This post covers “How to troubleshoot login issues in Oracle Database configured with Enterprise User Security (EUS)” and using Oracle Internet Directory (OID) as Enterprise User repository.
Deployment :
1) Database DB1 integrated with Oracle Internet Directory using steps mentioned here
2) Database registered in OID under domain DC=mydomain, DC=com
.
What is EUS in Database ?
In simple terms, users can use their enterprise user accounts (OID, AD… accounts) to connect to Oracle Database so that database accounts are managed in single location (OID, AD or other LDAP server). More on EUS here
Issue : Users reported that they can’t login to Database using their OID user accounts.
.
Troubleshooting :
1. First thing to do is enable trace in database as explained here
In my case error message is
_________
kzld found pwd in wallet
KZLD_ERR: Failed to bind to LDAP server. Err=49
KZLD_ERR: 49
KZLD is doing LDAP unbind
KZLD_ERR: failed from kzldob_open_bind.
_________
To understand this issue, lets first understand how EUS login works :
.
.
During Configuration Phase
a) During EUS configuration a user is created in OID at cn=[ORACLE_SID], cn=OracleContext, dc=[OID Domain] with random password stored in attribute userPassword of above user.

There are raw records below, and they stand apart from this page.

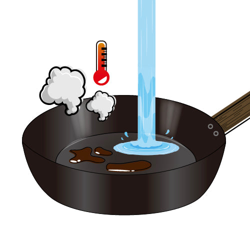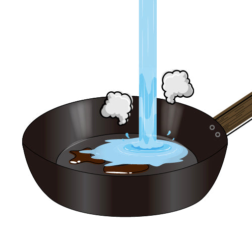 浸水會浸走保護鐵鍋的油份(油膜),因此勿讓鐵鍋浸著水喔!
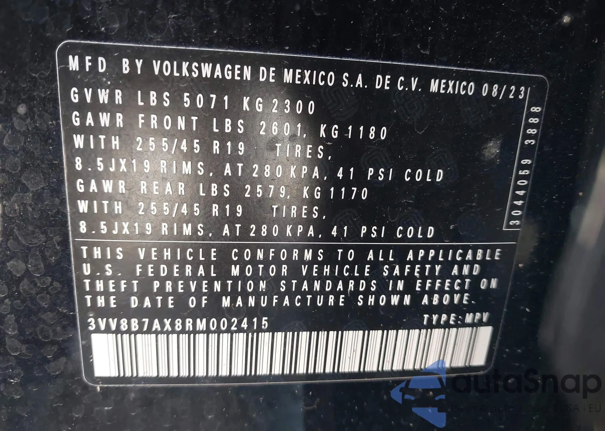 VIN: 3VV8B7AX8RM002415
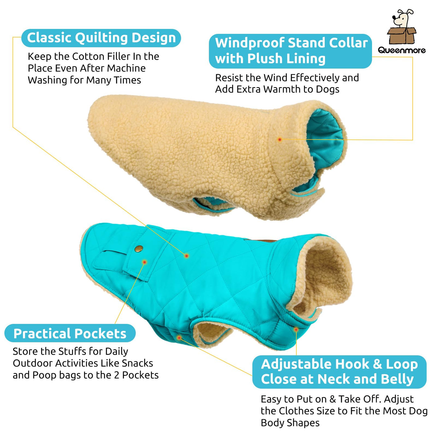 Queenmore Warm Dog Coat, Cold Weather Puffer Dog Vest, Quilting Winter Jacket Ultra Thick Plush Fleece Lining Pet Clothes With S
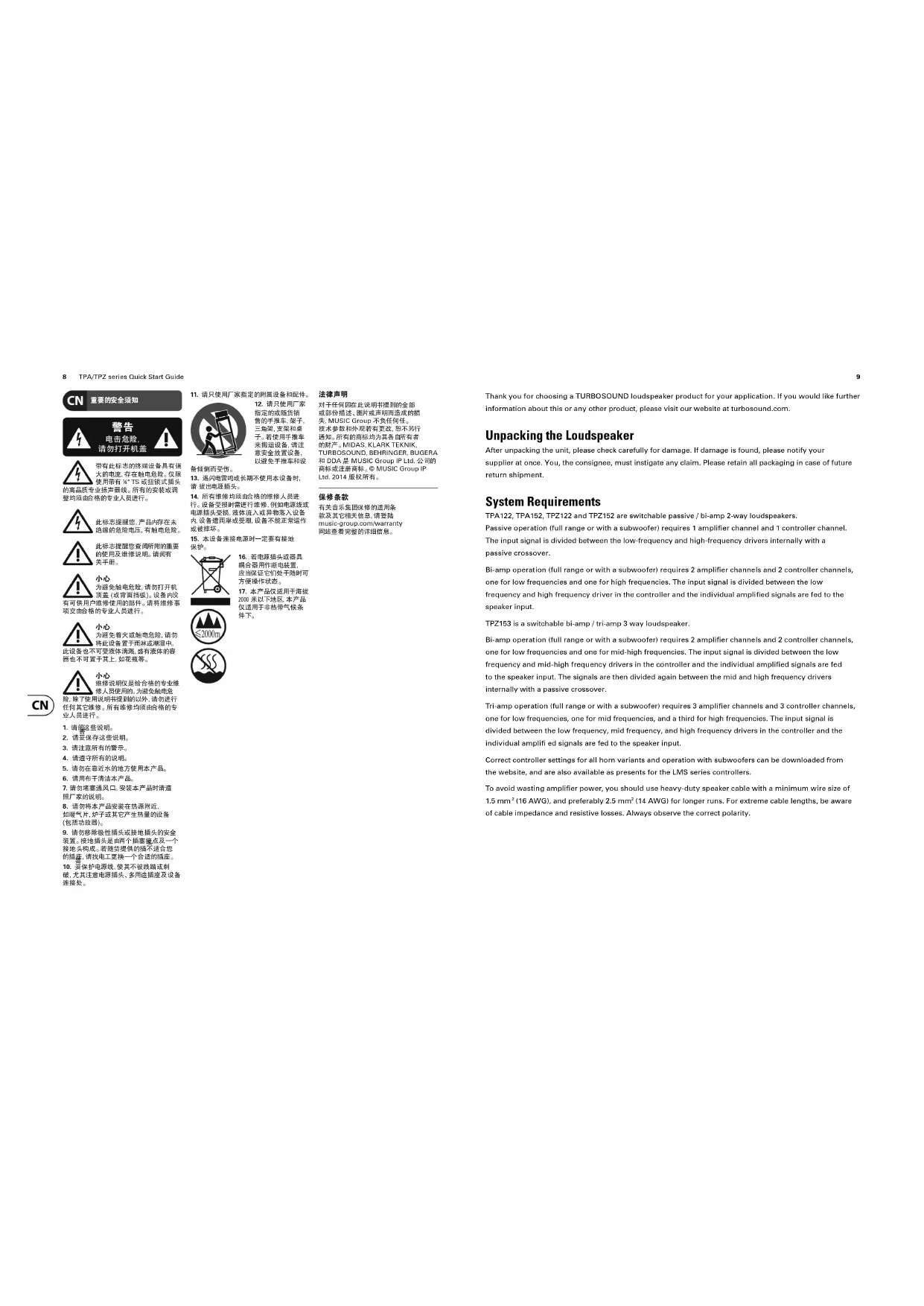 new MUSIC Group equipment right after you purchase it by visiting turbosound. com. Registering your purchase using our simple online form helps us to process your repair claims more quickly and effi ciently. Also, read the terms and conditions of our warranty, if applicable.
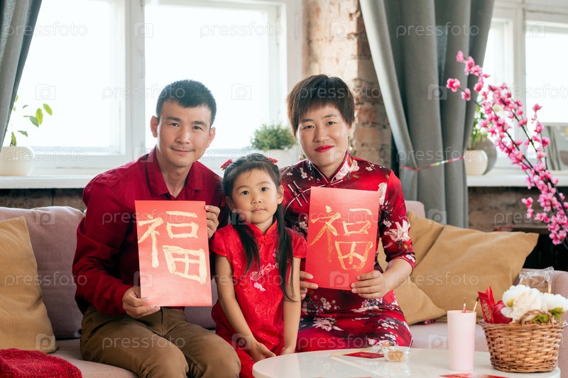 Члены семьи показывают ручной работы новогодние открытки
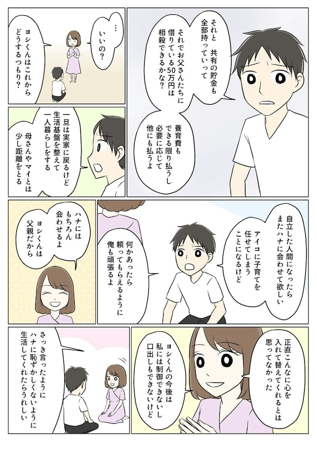 アイコの父とヨシが別室に行き、2人きりで話をすること2時間…。ヨシは戻ってくるなり、アイコに土下座して謝り、これまで夫婦でいてくれたことに感謝の気持ちを伝えました。そして、お金や家族に関する考え方が間違っていたことにようやく気付いたと話します。アイコがこれまで何度も話してきたことでしたが、アイコの父に改めて話をされようやく気付いてくれたようです。

b) This username/password is also stored in wallet on Database Server at $ORACLE_BASE/admin/$SID/wallet . More on Oracle wallet here
.
During Run Time
1) User type sqlplus [OID_User]/[OID_Password]@ServiceName
2) System checks SQLNET.ORA and finds LDAP as first entry
3) Connects to LDAP server (OID in my case) as defined in ldap.ora using username and password defined in wallet under $ORACLE_BASE/admin/$SID/wallet
.
As error in my case is “Failed to bind to LDAP server. Err=49″ then simple test to check is if I can connect to ldap server using username and password stored in Database Wallet.
How to find Username and Password stored in Database Wallet ?
mkstore -wrl $ORACLE_BASE/admin/$SID/wallet -viewEntry ORACLE.SECURITY.DN (Run this on database node)
mkstore -wrl $ORACLE_BASE/admin/$SID/wallet -viewEntry ORACLE.SECURITY.PASSWORD (Run this on database node)
mkstore will prompt you for wallet password which you entered during Database registration with OID.
You will get username and password like
ORACLE.SECURITY.DN = cn=DB1,cn=OracleContext,dc=mydomain,dc=com
ORACLE.SECURITY.PASSWORD = abBP2X7
How to verify Database Connection to LDAP Server ?
Run ldapbind like
ldapbind -h [OIDServer] -p [OID_Port] -D “[ORACLE.SECURITY.DN]” -w [ORACLE.SECURITY.PASSWORD] (OID 11g default LDAP port is 3060 and for OID 10g default LDAP port is 389 )
like
ldapbind -h OID_Server -p 3060 -D “cn=DB1,cn=OracleContext,dc=mydomain,dc=com” -w abBP2X7
In my case I received error message
ldap_bind: Invalid credentials
ldap_bind: additional info: Password Policy Error :9000: GSL_PWDEXPIRED_EXCP :Your Password has expired. Please contact the Administrator to change your password.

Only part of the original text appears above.